Rush would know from bullying, that's for sure.

Victor said...

What aimai said!

Brilliant!

aimai said...

I think this is apropos (from politico via someone but I already can't remember who)

The House Republican leadership has not yet weighed in on the details of this plan. This is not a fight they are relishing in the middle of an election year. Speaker John Boehner (R-Ohio), Majority Leader Eric Cantor (R-Va.) and Majority Whip Kevin McCarthy (R-Calif.) all raise piles of money from Wall Street and their reaction will be watched closely by industry insiders.

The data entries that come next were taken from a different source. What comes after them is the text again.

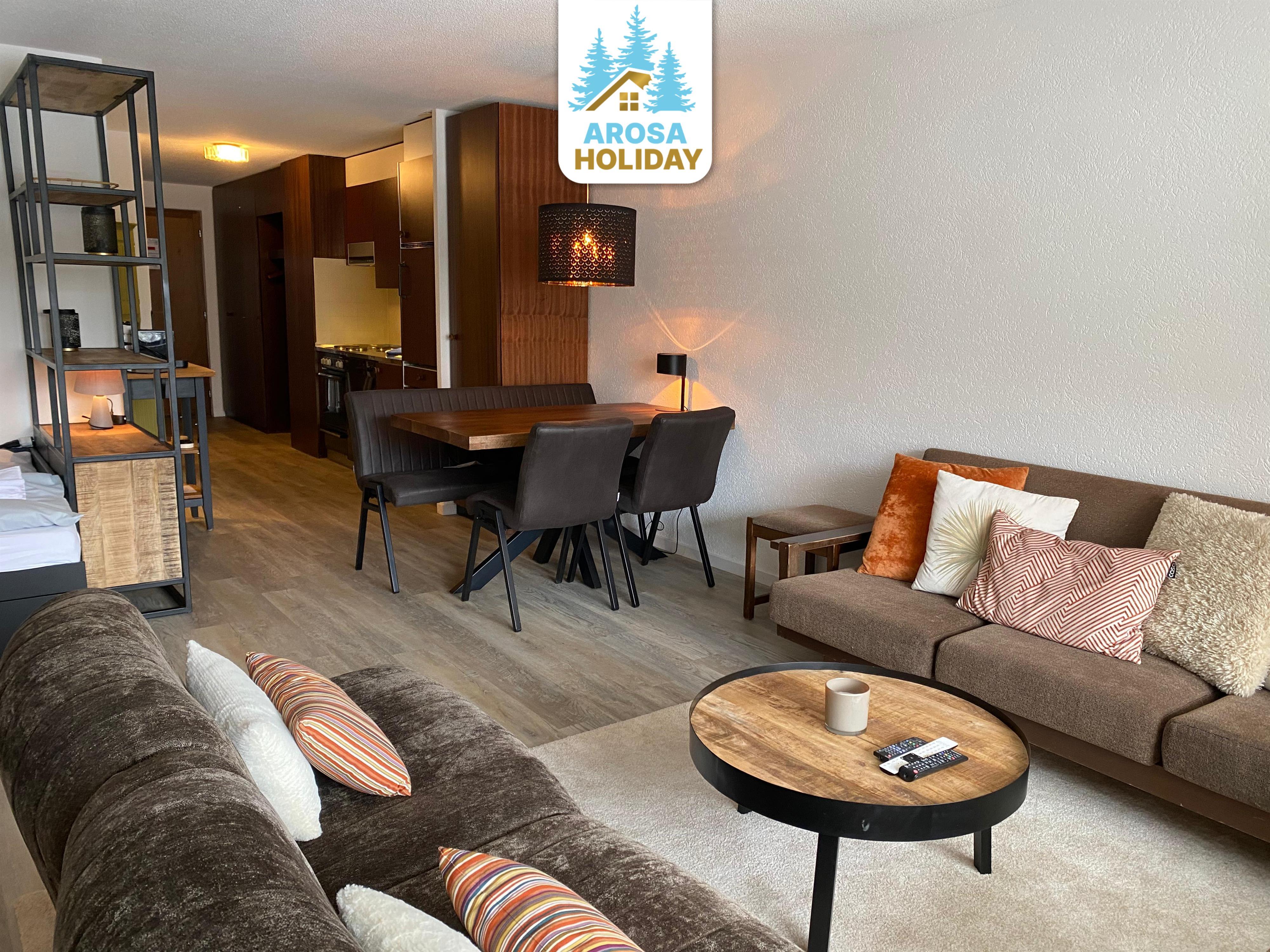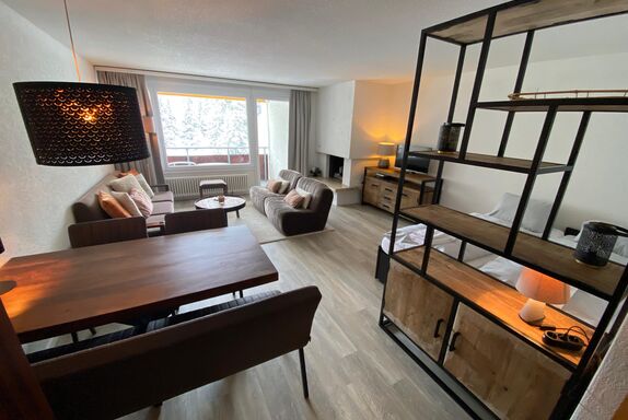 Die geräumige 2-Zimmer-Wohnung befindet sich im 5. Stock des Rothornblick Gebäudes an ruhiger Lage und von viel Natur umgeben. Der Balkon bietet einen herrlichen Bergblick. Während den Öffnungszeiten des direkt nebenan gelegenen Hotel Robinson Club Arosa, können der Swimming Pool und das Fitness kostenfrei mitbenutzt sowie im Winter vom Skibus profitiert werden.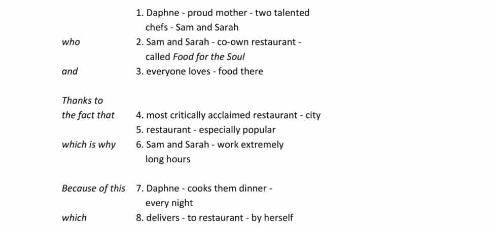 Daphne is the proud mother of two talented chefs, Sam and Sarah, who co-own a restaurant called Food for the Soul. This is the most critically acclaimed restaurant in the city, and everyone loves the food there. Because the restaurant is so popular, it means that Sam and Sarah work awfully long hours, so Daphne cooks them dinner each night and delivers it to the restaurant.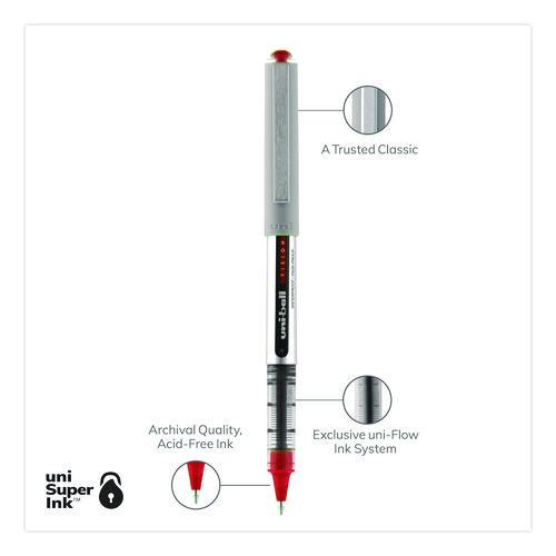 Make your everyday writing easy with the effortless and dependable performance of Vision Rollerball Pens from uni-ball featuring strong, long lasting tips. Capped roller pens deliver an even liquid ink lay-down for reliably smooth, vivid lines and a rich color for improved clarity and readability. Great for all writing tasks from taking notes to record keeping with archival quality, acid free roller ink. Innovative uni Super Ink technology forms an indestructible bond with the paper to minimize the risk of check washing or document fraud, while also protecting from water and fading. The exclusive Uni-Flow Ink System ensures a consistent, delightfully fluid writing experience, and a translucent window ensures that you don't run out of ink unexpectedly. Enjoy beautiful clean lines and give all of your ideas a burst of brilliant color with this classic style rollerball pen.

“Tax reform is hard,” one House Republican aide said. “This is why nobody likes to put these specifics on a piece of paper — you have to [screw] somebody. There’s a magical belief among some of our members that you can lower the rate to 25 percent by just eliminating unpopular deductions. The math doesn’t work. You have to end up [screwing] somebody.”

Philo Vaihinger said...

Consider that this "war for religious liberty" is being fought primarily in the South and the heavily Protestant West.

Consider that if these people are allowed to discriminate against gays on religious grounds it won't be long before somebody reminds us that for at least some brands of American Christians discrimination against non-whites would also be a free exercise issue.

If they can refuse to provide services to same sex couples they can refuse to provide services to couples of mixed race.

You think nobody today would insist that miscegenation violates God's law?

Even the Supremes should be smart enough to see the connection, and unwilling to allow racial discrimination.

Don't expect the federal courts to let this kind of nonsense stand, even if Brewer signs the bill.

aimai said...

Wll, thats the whole point of the bill, of course, to be a provocation and a thumb in the eye of the federal state and of the national state--that is: another way of reminding certain voters that "local" feelings and standards are not being respected.